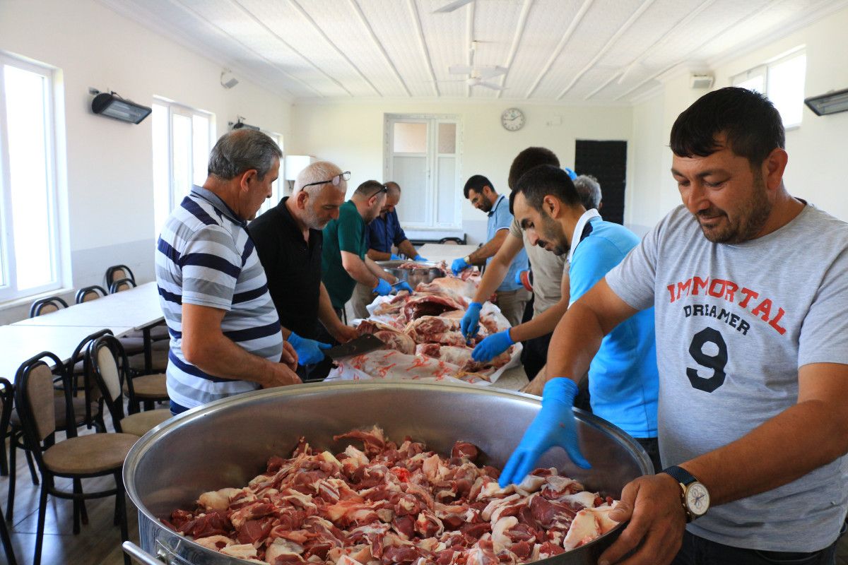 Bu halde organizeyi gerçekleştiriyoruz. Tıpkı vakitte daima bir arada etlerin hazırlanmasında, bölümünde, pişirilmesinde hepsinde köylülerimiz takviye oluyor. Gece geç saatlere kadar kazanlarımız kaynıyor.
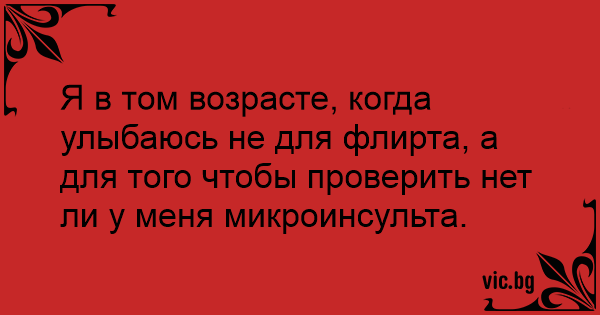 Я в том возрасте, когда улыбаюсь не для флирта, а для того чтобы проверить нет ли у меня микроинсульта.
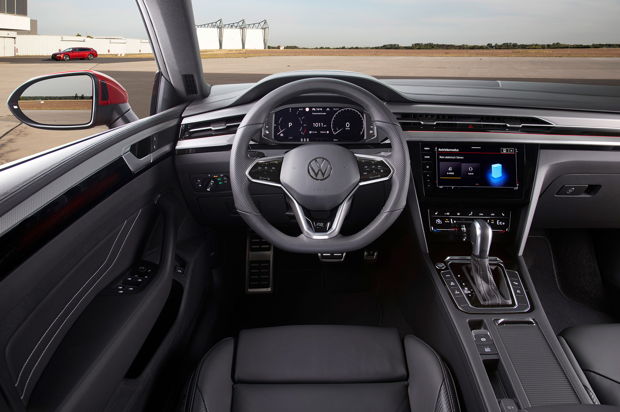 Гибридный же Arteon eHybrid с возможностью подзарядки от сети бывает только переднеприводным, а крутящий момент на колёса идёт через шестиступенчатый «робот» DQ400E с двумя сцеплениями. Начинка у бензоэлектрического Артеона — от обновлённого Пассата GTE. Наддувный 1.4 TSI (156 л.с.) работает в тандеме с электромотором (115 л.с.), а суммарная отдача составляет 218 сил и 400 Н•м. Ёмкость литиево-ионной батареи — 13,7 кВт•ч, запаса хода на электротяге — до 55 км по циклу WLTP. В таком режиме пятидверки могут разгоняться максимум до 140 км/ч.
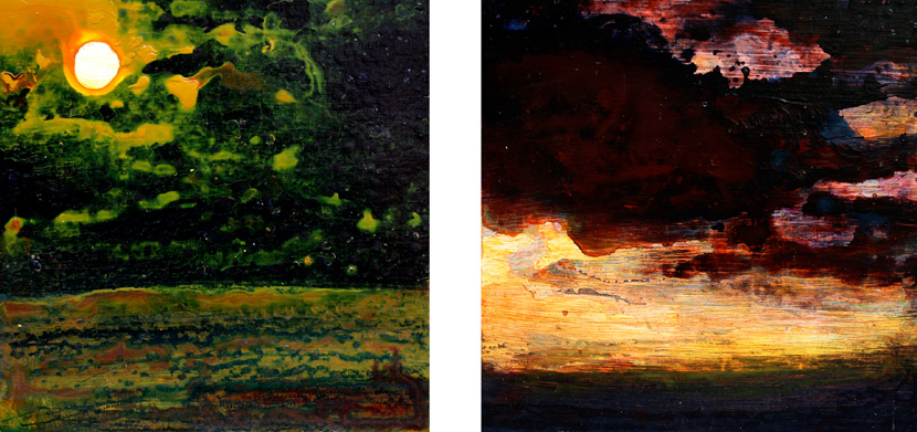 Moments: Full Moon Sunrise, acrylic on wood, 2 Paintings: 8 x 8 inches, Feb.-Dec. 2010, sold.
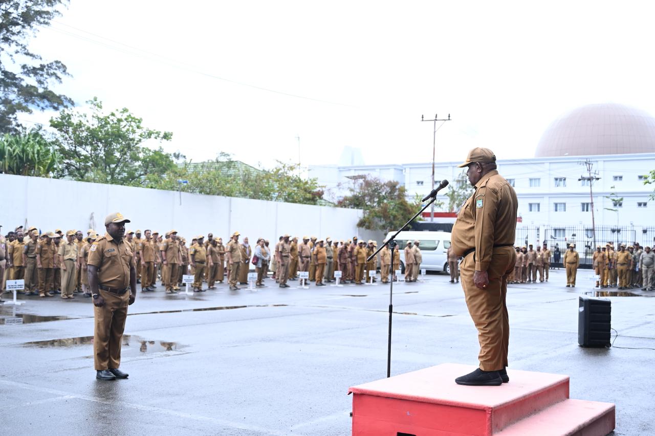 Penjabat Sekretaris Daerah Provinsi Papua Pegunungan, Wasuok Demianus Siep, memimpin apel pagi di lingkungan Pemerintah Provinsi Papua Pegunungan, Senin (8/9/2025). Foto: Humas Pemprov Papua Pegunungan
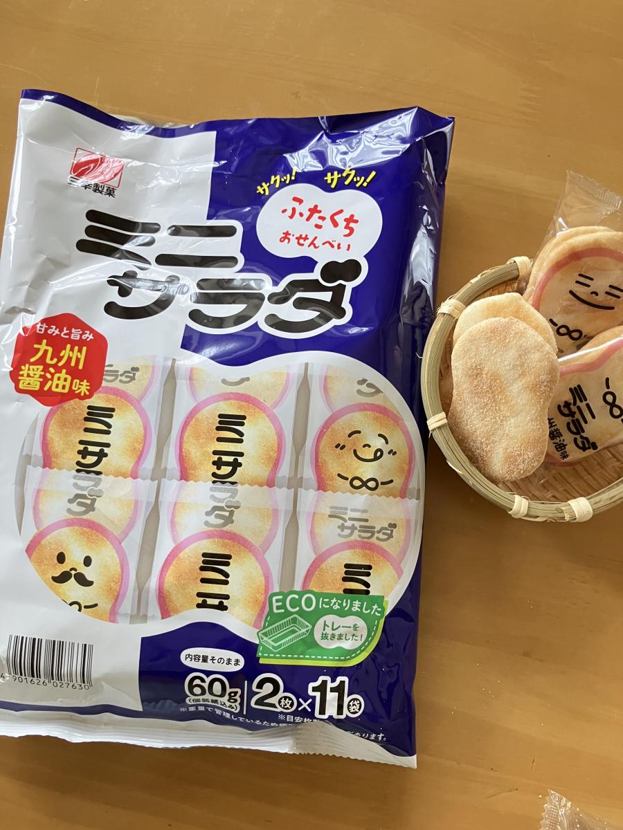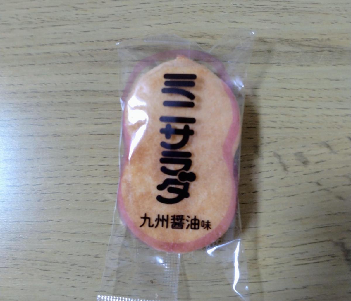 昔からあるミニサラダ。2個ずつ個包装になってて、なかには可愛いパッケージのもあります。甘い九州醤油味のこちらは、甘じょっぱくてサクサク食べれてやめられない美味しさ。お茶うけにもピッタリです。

...

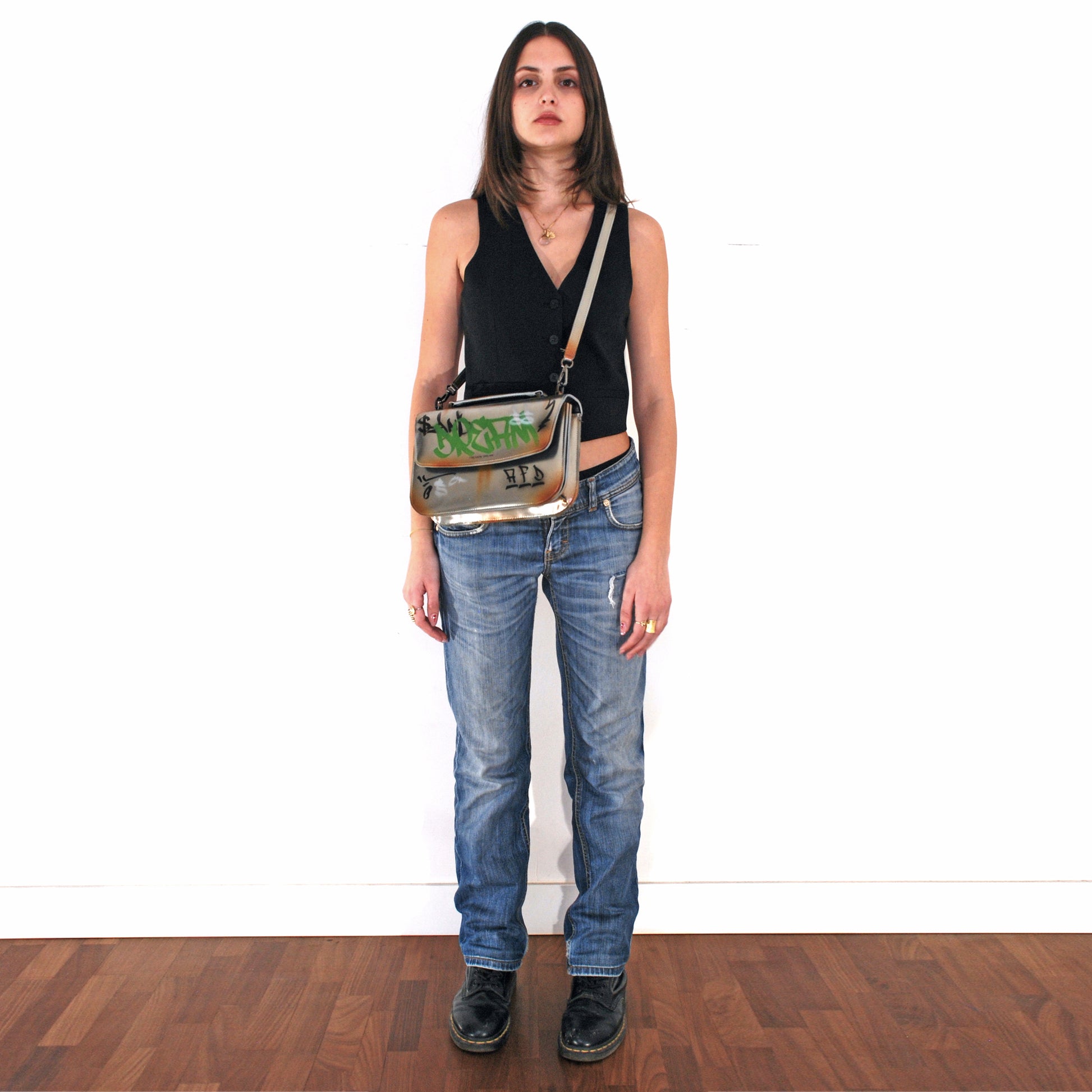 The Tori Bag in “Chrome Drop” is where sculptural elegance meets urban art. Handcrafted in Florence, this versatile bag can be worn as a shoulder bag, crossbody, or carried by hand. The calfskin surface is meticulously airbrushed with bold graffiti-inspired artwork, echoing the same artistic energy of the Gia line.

- **Try it**
Going by the data above, the answer is exactly the lines from the one holding "Bu halde organizeyi" to the one holding "Moments: Full Moon", both kept, with the pictures left out.

- **Written response**
 Bu halde organizeyi gerçekleştiriyoruz. Tıpkı vakitte daima bir arada etlerin hazırlanmasında, bölümünde, pişirilmesinde hepsinde köylülerimiz takviye oluyor. Gece geç saatlere kadar kazanlarımız kaynıyor.
 Я в том возрасте, когда улыбаюсь не для флирта, а для того чтобы проверить нет ли у меня микроинсульта.
 Гибридный же Arteon eHybrid с возможностью подзарядки от сети бывает только переднеприводным, а крутящий момент на колёса идёт через шестиступенчатый «робот» DQ400E с двумя сцеплениями. Начинка у бензоэлектрического Артеона — от обновлённого Пассата GTE. Наддувный 1.4 TSI (156 л.с.) работает в тандеме с электромотором (115 л.с.), а суммарная отдача составляет 218 сил и 400 Н•м. Ёмкость литиево-ионной батареи — 13,7 кВт•ч, запаса хода на электротяге — до 55 км по циклу WLTP. В таком режиме пятидверки могут разгоняться максимум до 140 км/ч.
 Moments: Full Moon Sunrise, acrylic on wood, 2 Paintings: 8 x 8 inches, Feb.-Dec. 2010, sold.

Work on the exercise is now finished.